The complex duties of citizenship also require the kind of education that allows one to distinguish between policy and entertainment. Would it be unsurprising only to conspiracy theorists if the decline of California's schools were a welcome development to those who would gladly see the masses fighting a savage tribal war of social Darwinism?

If the people of California had simply written to me and asked me, I would have told them all this and more, in simple language they can easily understand.

But no. They had to go elect the Terminator.

I distrust large political promises. I fear that if we cannot solve our personal problems we are likely to sublimate them into political ideas of vengeance and control, of conquering and domination. So in my column I stick to the day-to-day details. I say, Here is what we do today to fight fascism. We go to the post office and mail off our fliers. Here is what we do to fight racism. We tithe. We hire by skill and ability. We see a person who looks different from us and if any of the despised words we have heard as children come into our minds we replace them with: Citizen. American. Brother. Neighbor. Californian. We try to do the simple things, the one-on-one things. And if someone promises to eradicate racism and end poverty and stop war if only we elect him and give him the power to do so, we laugh and move on.

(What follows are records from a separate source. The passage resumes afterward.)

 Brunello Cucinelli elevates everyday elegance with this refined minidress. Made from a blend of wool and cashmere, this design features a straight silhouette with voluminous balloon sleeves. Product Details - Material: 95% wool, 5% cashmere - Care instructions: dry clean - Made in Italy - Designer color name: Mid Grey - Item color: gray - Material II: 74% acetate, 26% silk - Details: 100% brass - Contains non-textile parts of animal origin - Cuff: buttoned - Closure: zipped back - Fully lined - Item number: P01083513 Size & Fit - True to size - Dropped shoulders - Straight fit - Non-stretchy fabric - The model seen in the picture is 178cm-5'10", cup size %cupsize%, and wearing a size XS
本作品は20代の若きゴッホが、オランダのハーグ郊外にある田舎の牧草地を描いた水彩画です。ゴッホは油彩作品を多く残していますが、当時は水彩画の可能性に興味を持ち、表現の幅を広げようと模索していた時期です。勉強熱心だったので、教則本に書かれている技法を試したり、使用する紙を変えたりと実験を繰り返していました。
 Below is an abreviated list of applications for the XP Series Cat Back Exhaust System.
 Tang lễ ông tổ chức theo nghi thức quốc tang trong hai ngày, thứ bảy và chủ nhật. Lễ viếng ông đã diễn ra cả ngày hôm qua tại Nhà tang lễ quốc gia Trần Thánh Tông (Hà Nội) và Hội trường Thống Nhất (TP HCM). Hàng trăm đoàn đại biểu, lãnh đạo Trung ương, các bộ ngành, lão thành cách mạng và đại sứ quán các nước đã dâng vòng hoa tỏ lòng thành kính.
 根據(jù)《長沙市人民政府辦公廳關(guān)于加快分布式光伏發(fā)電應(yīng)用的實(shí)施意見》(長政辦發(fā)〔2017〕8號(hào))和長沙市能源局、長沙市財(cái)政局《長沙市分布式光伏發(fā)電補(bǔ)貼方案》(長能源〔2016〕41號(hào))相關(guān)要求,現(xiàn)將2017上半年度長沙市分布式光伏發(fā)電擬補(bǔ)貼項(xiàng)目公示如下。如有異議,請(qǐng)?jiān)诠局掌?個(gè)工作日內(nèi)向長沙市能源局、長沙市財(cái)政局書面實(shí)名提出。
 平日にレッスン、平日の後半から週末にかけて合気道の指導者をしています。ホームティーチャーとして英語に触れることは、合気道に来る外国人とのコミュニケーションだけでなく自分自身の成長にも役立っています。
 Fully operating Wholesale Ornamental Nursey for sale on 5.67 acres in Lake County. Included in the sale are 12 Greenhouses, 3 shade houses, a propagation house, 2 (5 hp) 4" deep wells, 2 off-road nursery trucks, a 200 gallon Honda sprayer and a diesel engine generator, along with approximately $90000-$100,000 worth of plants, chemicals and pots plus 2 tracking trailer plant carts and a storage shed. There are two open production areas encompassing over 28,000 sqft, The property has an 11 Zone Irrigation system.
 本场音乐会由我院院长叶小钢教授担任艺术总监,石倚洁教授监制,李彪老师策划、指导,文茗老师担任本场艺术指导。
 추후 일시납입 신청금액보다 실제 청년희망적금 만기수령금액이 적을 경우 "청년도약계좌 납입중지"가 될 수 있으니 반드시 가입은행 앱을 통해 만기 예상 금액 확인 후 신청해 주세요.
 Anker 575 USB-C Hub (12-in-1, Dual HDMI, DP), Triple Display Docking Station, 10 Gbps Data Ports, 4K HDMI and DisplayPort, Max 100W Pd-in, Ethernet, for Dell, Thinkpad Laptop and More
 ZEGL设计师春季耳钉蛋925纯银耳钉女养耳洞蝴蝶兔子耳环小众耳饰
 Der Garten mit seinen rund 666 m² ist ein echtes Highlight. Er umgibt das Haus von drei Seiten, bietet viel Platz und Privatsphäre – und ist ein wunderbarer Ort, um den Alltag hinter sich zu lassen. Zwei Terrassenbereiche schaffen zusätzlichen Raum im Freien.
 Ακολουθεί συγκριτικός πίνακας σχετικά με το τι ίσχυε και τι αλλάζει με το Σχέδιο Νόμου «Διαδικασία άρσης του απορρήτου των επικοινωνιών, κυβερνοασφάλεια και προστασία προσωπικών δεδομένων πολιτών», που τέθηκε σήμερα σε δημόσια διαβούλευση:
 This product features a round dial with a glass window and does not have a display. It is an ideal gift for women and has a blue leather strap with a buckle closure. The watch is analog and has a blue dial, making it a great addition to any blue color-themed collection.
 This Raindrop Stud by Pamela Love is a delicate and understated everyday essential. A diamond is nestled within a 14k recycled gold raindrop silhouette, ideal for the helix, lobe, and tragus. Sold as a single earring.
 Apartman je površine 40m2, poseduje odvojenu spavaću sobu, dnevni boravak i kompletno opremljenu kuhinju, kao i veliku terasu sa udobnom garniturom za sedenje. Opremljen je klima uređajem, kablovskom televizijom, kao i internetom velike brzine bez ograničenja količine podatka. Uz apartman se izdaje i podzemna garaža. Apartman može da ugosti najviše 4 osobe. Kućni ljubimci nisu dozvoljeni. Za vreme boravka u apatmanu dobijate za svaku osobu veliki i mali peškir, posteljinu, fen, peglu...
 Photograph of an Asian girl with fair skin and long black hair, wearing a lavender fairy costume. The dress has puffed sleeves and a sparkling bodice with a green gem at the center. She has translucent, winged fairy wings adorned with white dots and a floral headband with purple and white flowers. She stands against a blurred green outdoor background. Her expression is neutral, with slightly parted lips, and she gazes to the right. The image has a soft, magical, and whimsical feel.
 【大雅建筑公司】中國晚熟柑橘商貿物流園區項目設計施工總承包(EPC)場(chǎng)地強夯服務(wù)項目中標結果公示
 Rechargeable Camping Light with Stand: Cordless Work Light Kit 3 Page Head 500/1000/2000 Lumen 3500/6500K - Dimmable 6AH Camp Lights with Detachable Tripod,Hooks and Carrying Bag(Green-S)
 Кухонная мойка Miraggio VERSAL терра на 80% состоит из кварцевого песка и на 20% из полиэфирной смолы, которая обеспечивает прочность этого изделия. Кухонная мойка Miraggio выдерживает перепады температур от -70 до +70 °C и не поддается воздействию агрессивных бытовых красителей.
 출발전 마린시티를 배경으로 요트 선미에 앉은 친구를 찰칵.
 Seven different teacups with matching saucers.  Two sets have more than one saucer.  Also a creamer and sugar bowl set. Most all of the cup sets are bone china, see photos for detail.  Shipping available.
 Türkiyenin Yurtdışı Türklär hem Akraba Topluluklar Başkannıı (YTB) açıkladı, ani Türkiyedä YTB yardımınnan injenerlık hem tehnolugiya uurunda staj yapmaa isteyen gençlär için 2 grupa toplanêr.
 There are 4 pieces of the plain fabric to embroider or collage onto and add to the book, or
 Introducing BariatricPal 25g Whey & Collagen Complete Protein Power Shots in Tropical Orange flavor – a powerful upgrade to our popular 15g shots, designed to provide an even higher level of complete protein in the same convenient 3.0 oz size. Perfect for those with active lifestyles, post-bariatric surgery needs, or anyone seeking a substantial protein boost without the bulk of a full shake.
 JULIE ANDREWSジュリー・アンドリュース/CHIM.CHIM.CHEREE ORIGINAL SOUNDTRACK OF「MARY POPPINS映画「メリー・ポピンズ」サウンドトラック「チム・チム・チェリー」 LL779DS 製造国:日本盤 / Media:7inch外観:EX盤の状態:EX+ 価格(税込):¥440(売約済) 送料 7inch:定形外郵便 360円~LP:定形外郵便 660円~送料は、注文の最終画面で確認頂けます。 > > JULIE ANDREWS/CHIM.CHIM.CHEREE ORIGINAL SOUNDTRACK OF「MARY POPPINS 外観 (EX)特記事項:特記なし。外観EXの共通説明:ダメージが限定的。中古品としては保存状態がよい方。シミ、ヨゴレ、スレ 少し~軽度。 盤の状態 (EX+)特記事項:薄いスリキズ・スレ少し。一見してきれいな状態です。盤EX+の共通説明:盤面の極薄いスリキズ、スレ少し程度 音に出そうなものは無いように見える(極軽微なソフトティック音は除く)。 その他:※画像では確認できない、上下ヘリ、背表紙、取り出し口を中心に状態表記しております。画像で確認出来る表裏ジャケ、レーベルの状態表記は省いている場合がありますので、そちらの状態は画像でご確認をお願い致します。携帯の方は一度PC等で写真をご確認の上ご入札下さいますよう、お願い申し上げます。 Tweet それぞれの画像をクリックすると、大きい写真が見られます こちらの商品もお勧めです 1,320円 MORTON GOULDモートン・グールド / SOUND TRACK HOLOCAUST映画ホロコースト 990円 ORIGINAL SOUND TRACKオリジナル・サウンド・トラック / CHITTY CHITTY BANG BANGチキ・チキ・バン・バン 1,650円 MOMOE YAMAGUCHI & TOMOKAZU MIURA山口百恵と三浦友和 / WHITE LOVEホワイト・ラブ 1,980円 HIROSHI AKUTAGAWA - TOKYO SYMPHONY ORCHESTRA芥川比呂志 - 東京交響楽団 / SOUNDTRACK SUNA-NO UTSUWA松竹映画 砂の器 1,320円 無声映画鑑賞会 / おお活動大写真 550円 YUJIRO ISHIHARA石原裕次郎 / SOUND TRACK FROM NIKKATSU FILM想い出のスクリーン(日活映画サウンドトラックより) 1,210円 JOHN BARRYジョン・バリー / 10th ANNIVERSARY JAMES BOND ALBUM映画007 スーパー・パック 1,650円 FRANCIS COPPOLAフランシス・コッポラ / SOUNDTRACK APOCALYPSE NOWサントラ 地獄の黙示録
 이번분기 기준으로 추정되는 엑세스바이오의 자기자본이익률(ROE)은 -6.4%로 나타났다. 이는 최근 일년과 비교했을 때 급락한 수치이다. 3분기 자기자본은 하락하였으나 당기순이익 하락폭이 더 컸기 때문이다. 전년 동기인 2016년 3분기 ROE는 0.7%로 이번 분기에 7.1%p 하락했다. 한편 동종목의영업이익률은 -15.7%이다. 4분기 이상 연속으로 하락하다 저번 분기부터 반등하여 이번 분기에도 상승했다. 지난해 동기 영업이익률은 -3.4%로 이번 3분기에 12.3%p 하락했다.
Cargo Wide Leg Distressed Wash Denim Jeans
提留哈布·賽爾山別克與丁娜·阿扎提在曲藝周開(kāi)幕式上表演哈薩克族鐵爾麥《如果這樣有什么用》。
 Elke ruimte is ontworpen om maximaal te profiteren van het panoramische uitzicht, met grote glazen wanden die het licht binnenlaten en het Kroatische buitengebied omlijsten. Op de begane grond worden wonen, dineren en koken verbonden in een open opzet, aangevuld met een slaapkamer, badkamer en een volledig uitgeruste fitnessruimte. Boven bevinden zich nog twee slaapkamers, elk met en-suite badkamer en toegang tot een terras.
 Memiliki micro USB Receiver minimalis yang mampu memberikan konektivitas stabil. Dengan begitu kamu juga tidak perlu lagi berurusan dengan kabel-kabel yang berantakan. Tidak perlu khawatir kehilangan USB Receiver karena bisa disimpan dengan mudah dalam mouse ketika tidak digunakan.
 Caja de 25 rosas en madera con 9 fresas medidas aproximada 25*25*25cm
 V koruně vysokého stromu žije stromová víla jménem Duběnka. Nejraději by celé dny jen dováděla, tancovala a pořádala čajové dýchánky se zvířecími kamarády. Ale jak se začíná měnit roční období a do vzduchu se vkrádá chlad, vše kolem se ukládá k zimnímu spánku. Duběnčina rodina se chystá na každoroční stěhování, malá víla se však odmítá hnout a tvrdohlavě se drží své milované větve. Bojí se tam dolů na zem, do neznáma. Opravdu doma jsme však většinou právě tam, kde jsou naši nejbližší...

What disturbs me, again, is the confusion of the political with the psychological. I am a nervous guy. There are those who trust in the enduring strength of world markets, democracy and capitalism to ensure world stability. Me, I go through most days figuring we're only a couple of steps away from appalling savagery and madness. And if you think about how we could get there from here, at first it doesn't look easy. Perhaps I'm just unstable, or had too uncertain a childhood, but I worry about things like this. I worry about things that have happened in the past, like what happened in Germany. I worry about the unexpected, the things we can't imagine happening. I worry about things like 9/11, which proved to all of us worriers that really bad things really can happen.

So what bothers me about the recall vote and the ascent of Arnold Schwarzenegger is that if anyone were to devise a route out of democracy and into a tribal, vengeful savagery, this melding of the world of entertainment, which satiates our most primal wishes, and the world of politics, which is supposed to moderate and rationalize our worst wishes and sublimate our ideals, looks like a pretty good route. Movies are the great persuaders. Their power is much greater than the power of reason, and that is what bothers me. The passion of politics must be tempered by reason. How much difference is there between electing a savage action hero and electing a Mussolini? I don't think Arnold is a fascist. But it is the worship of strength and charisma themselves that I find alarming in a democratic system. I think once the electorate acts from its own troubled id, we are vulnerable to the election of untold numbers of scoundrels, one of whom or a series of whom, could spell the end of democracy.

So hasta la vista, baby. Alabama looks pretty good right now.